Reino de peregrinaciones: Premio Nacional de Poesía Eduardo Cote Lamus
Después de haber leído los trabajos enviados por los organizadores del XIX Concurso de Poesía Eduardo Cote Lamus y de revisar sus calidades literarias, los miembros del jurado, Ramón Illán Bacca, Octavio Escobar y Ángela Alfonso, hemos decidido otorgar el premio al libro Reino de peregrinaciones, firmado con el seudónimo Marie Galois y que corresponde al escritor Hellman Pardo.

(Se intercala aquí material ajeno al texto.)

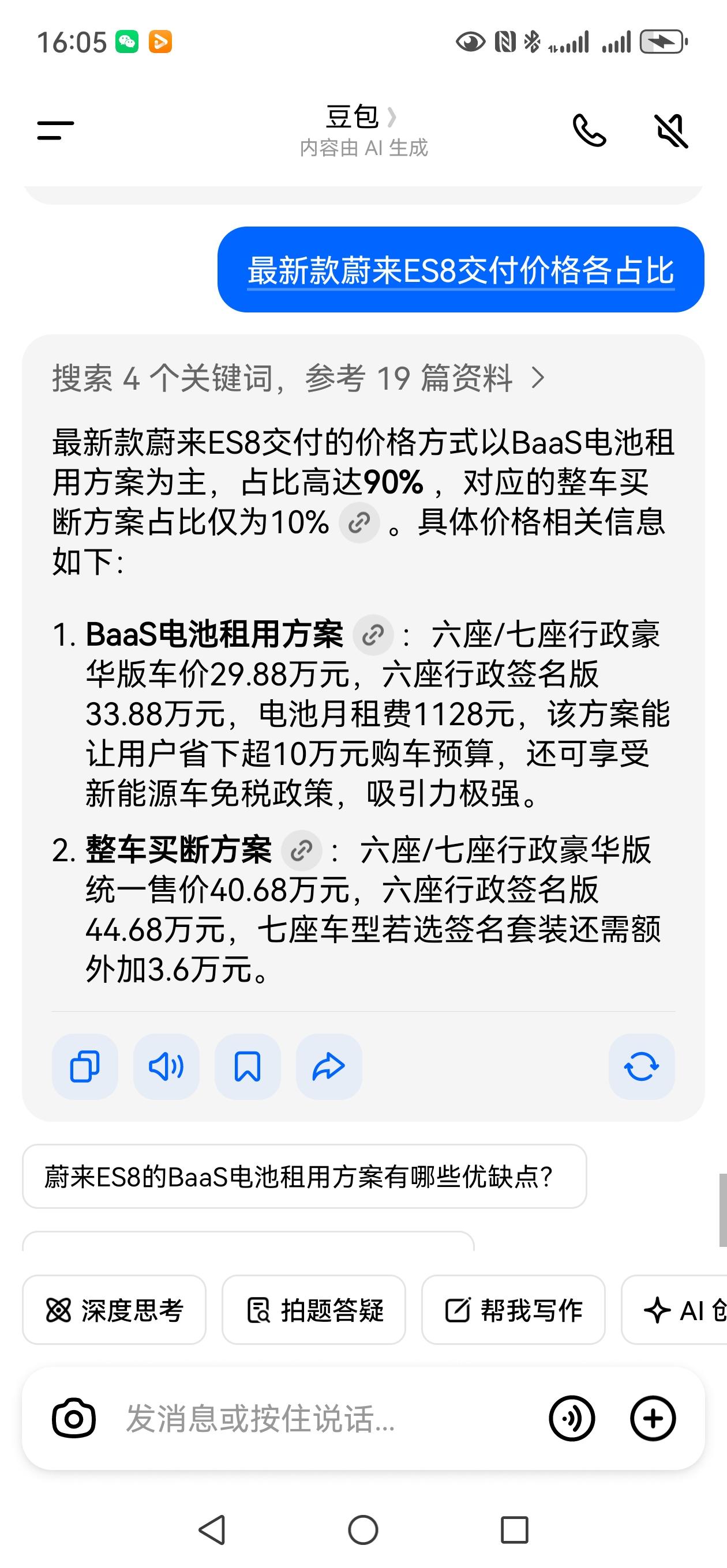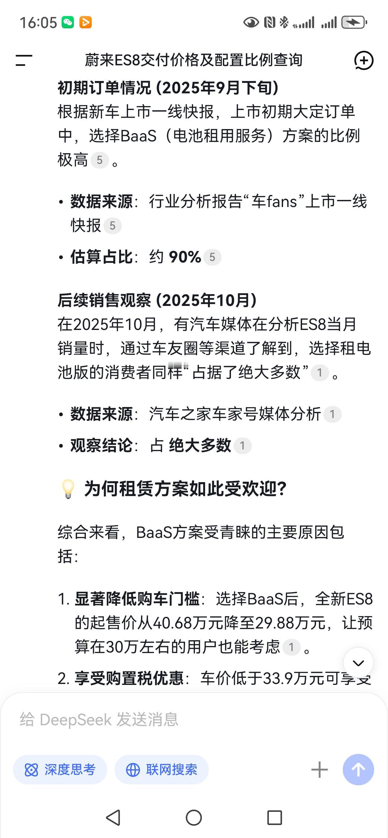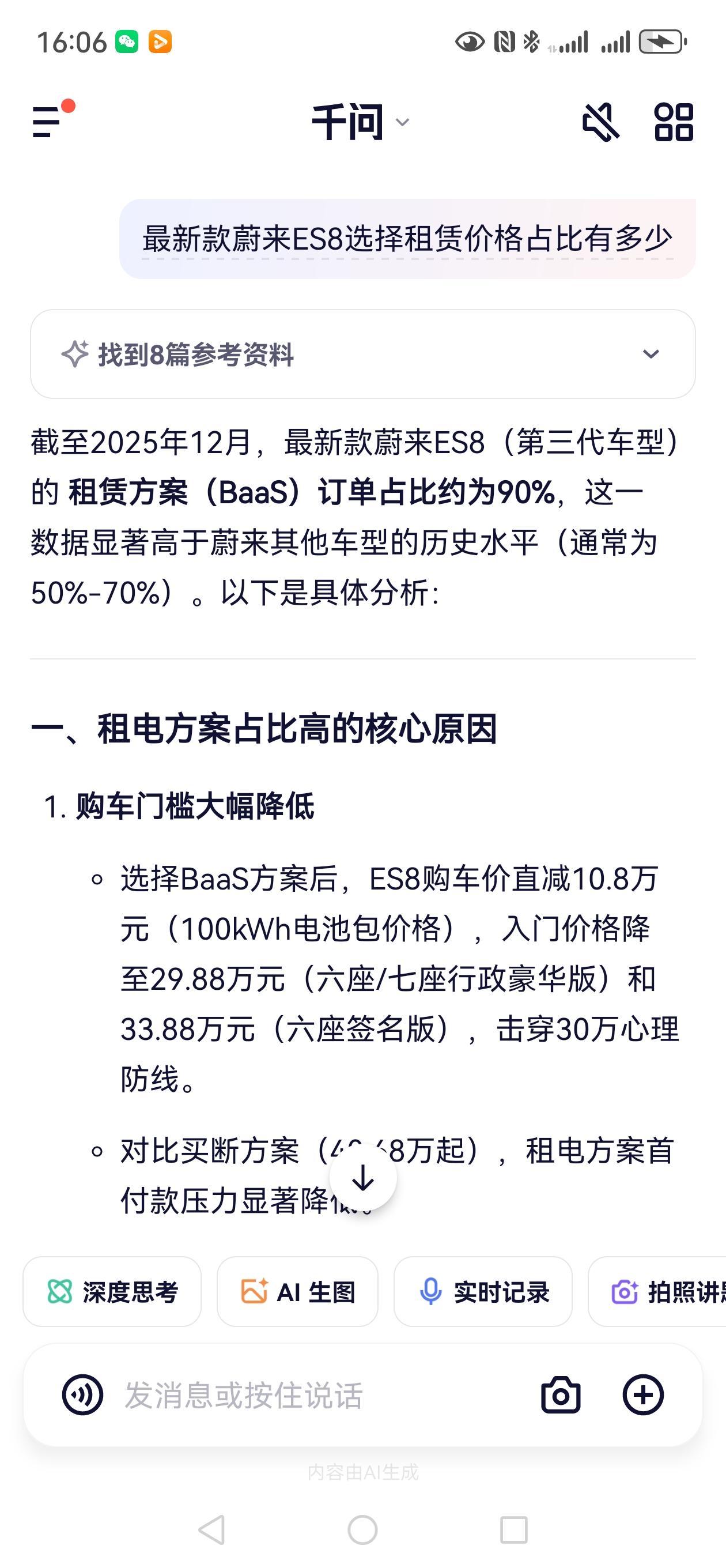 蔚来ES80,40万级别[what][what],是不是有点偷换概念啊,问了叶问/豆包/DS/,都是租赁占比90%,是不是应该就要按租赁后单车均价口径来才对啊[呲牙],因为那部分的钱💰用户还没给到蔚来,难道蔚来租赁电池公司付了吗,有些人会说同房子🏠分期一样,但我总觉得还是有区别的[捂脸]!不懂,有懂人说说,从另一方面也说明,性价比在谁身上都好用,这炮蔚来确实打赢了,但还要继续加电[比心][比心][赞][赞][赞]
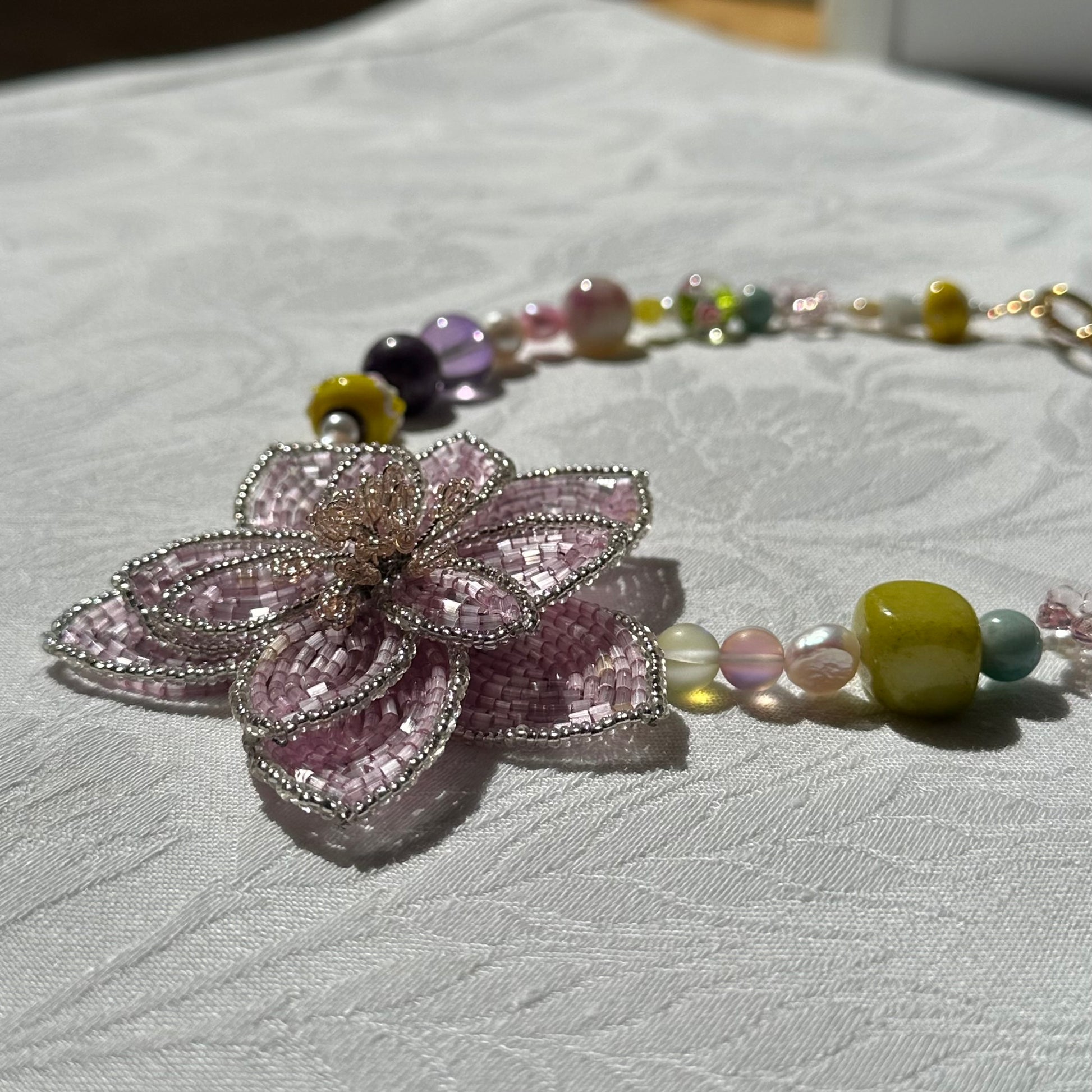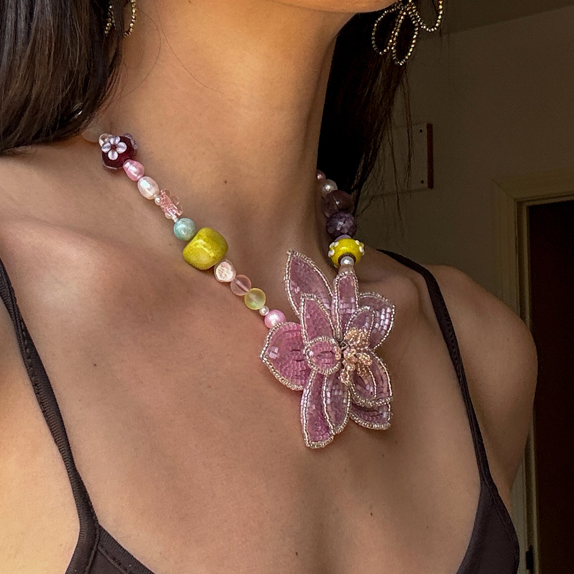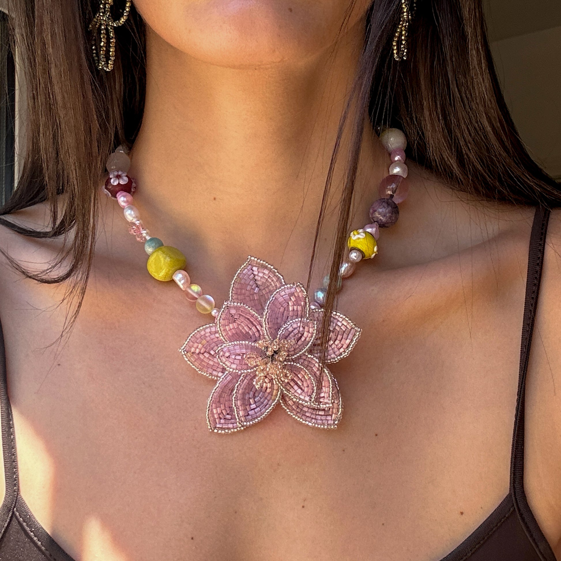 Handmade big beaded flower (7,5cm x 7,5cm), big round beads, freshwater pearls, mushroom beads, flower plastic beads, stainless steel golden clasp.

El jurado toma esta decisión basado en que el libro presenta un lenguaje maduro y unidad en sus textos. Es importante resaltar que este lenguaje decantado es muestra de una gran sensibilidad poética y un conocimiento lúcido del oficio.
Acá una selección de poemas del libro ganador:
EL COJO BARRIOS, GUARDAGUJAS
El comisario de caminos dice que soy el empleado
que ajusta los desvíos del ferrocarril.
La afirmación es vaga.
Es cierto que enlazo las bifurcaciones del día,
las cargas que arrastran la ceniza de los torturados,
sin embargo,
prefiero que las buenas gentes me recuerden
como un anacoreta del olvido.
Lo destruido se ahúma en cada aguja removida.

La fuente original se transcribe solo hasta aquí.